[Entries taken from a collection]
%%
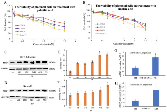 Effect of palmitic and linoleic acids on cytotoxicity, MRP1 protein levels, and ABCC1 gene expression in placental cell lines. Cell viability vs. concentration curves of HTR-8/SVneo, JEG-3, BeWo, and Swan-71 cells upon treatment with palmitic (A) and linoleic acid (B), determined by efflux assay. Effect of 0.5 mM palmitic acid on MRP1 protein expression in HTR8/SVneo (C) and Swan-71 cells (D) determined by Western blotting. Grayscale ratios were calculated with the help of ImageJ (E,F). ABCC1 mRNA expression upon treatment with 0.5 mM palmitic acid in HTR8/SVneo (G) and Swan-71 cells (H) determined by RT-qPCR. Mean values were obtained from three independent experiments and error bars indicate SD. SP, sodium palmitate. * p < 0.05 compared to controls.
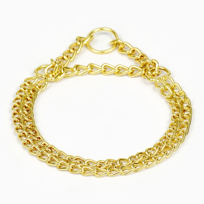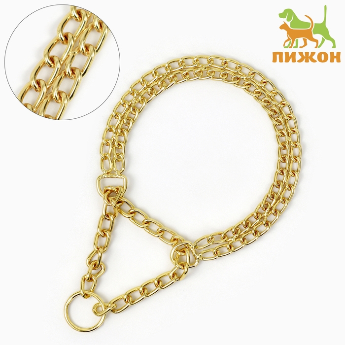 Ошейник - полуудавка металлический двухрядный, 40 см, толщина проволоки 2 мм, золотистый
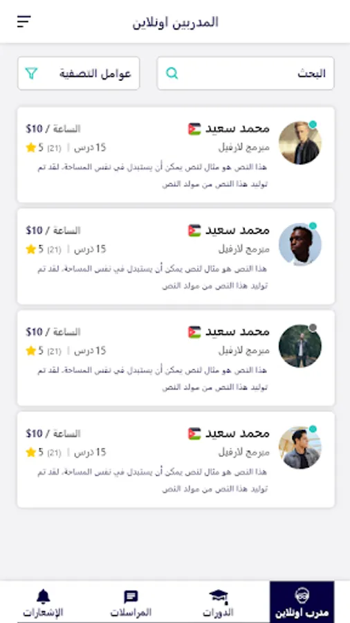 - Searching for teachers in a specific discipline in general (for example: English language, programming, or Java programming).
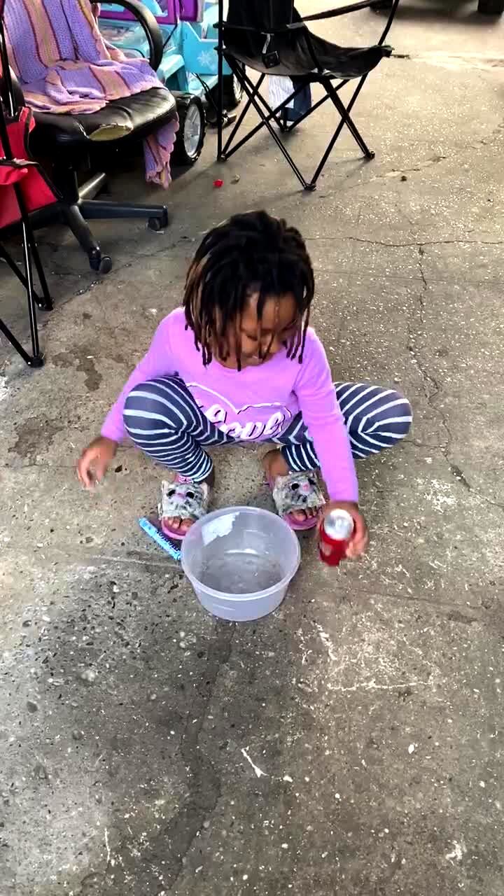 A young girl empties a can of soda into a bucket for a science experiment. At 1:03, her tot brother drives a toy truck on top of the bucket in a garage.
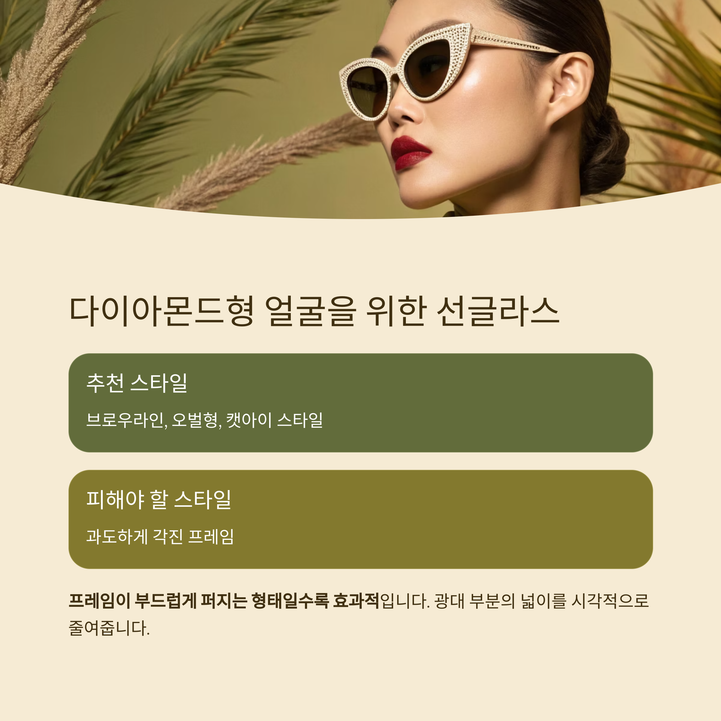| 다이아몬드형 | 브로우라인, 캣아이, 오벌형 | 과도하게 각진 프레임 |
%%
**WHAT THE TASK REQUIRES:**
Print the entries again exactly as they appear above. Do not print the pictures.

**ANSWER:**
 Effect of palmitic and linoleic acids on cytotoxicity, MRP1 protein levels, and ABCC1 gene expression in placental cell lines. Cell viability vs. concentration curves of HTR-8/SVneo, JEG-3, BeWo, and Swan-71 cells upon treatment with palmitic (A) and linoleic acid (B), determined by efflux assay. Effect of 0.5 mM palmitic acid on MRP1 protein expression in HTR8/SVneo (C) and Swan-71 cells (D) determined by Western blotting. Grayscale ratios were calculated with the help of ImageJ (E,F). ABCC1 mRNA expression upon treatment with 0.5 mM palmitic acid in HTR8/SVneo (G) and Swan-71 cells (H) determined by RT-qPCR. Mean values were obtained from three independent experiments and error bars indicate SD. SP, sodium palmitate. * p < 0.05 compared to controls.
 Ошейник - полуудавка металлический двухрядный, 40 см, толщина проволоки 2 мм, золотистый
 - Searching for teachers in a specific discipline in general (for example: English language, programming, or Java programming).
 A young girl empties a can of soda into a bucket for a science experiment. At 1:03, her tot brother drives a toy truck on top of the bucket in a garage.
| 다이아몬드형 | 브로우라인, 캣아이, 오벌형 | 과도하게 각진 프레임 |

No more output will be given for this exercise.